Responding to reports that Meteor may be evaluating new technologies and services ranging from CDMA to Wi-Fi services in the homes and within GSM cells, the company said that it is awaiting a decision from the Commission for Communications Regulation (ComReg) that Ireland’s GSM spectrum may be used for other purposes.
Anxious to push beyond its 4pc share in the Irish market, Meteor has in recent weeks confirmed that it is willing to support the arrival of mobile virtual network operators (MVNOs) – companies that piggyback on other service providers’ networks – but has yet to see a business plan or proposal that it approves of.
The company has also been rumoured to have been in talks with Eircom about such aims as well as coming up with joint billing strategies for mobile and fixed line services, but has denied the rumours.
Reports at the weekend suggest that Meteor has been developing plans to use its network to offer customers broadband internet access from home. One option was to use code division multiple access (CDMA) technologies, which are a rival to traditional GSM and offer higher speed access to the internet. One option mooted was the possible link-up between Meteor and US mobile player Qualcomm. Meteor’s parent firm Western Wireless International is also an avid supporter of CDMA technology, which is popular both in the States and Asia.

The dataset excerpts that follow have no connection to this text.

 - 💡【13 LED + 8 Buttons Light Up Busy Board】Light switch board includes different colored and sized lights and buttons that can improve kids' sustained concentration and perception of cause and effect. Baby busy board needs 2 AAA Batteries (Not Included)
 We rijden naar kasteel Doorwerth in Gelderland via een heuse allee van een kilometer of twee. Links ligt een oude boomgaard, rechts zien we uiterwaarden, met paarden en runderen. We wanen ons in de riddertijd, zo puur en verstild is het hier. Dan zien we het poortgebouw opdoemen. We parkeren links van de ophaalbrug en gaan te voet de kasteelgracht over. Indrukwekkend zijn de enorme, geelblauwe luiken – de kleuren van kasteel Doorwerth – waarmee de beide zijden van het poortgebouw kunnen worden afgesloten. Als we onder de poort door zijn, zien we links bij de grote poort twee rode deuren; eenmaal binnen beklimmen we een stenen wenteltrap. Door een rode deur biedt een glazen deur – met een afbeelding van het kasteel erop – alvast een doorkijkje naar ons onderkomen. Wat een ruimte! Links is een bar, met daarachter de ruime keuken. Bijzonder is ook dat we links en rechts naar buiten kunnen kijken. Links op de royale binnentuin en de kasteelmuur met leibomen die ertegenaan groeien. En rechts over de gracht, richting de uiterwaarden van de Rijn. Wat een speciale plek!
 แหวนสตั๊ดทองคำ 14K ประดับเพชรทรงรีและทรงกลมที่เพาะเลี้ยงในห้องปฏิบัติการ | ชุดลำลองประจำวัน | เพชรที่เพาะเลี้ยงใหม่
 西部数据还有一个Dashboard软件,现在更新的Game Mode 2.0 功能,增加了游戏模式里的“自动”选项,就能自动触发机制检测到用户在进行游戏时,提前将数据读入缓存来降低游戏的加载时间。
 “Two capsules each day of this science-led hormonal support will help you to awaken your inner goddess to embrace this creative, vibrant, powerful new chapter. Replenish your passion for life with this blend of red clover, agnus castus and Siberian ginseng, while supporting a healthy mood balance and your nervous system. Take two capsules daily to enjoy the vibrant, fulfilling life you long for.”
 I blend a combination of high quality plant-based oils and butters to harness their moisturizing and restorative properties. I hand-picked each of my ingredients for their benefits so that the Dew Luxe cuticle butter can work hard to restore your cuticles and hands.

Meteor is also understood to be considering a plan that would give customers access to the internet through wireless local area network (WLAN) hotspots in their home that would seamlessly connect with Meteor’s over-capacity and under-used GSM network to create a new industry phenomenon known as personal area networks (PANs). PANs enable users to connect devices in close proximity (up to 10 metres) and are formed on an ad-hoc basis and use short range technologies like Bluetooth and WLANs. Generally speaking, the higher the data rate of a technology, the lower the range will be.
Meteor’s communications director Andrew Kelly told siliconrepublic.com: “We are currently into our second round of consultancy with ComReg. ComReg initiated a consultation that is focusing on using GSM for other purposes and a decision notice is expected any day now. There’s little more we can say about our plans right now but await the decision notice.
“The aim of the consultation is to find other uses for GSM, based on the idea that the GSM spectrum could be harnessed to deliver alternative forms of broadband. To make these services happen, such as the provision of broadband services within a particular cell area – a much larger hotspot than that provided in a hotel – we would need to see ComReg decide on making an amendment to the licences of all three GSM network operators,” Kelly explained.
“We’d have to look at every business case and are prepared to look at innovation that leads to increased business. The consultation is ongoing and we await a response. We made our position clear on this subject at a recent Dáil sub-committee meeting on broadband. The upshot of this is that there are other technologies for delivering broadband than DSL and we would support the view that the GSM spectrum should be allowed to be used in this way.
“We are supporting a possible decision by ComReg to say that the spectrum can be used in this way across the industry as a whole,” Kelly concluded.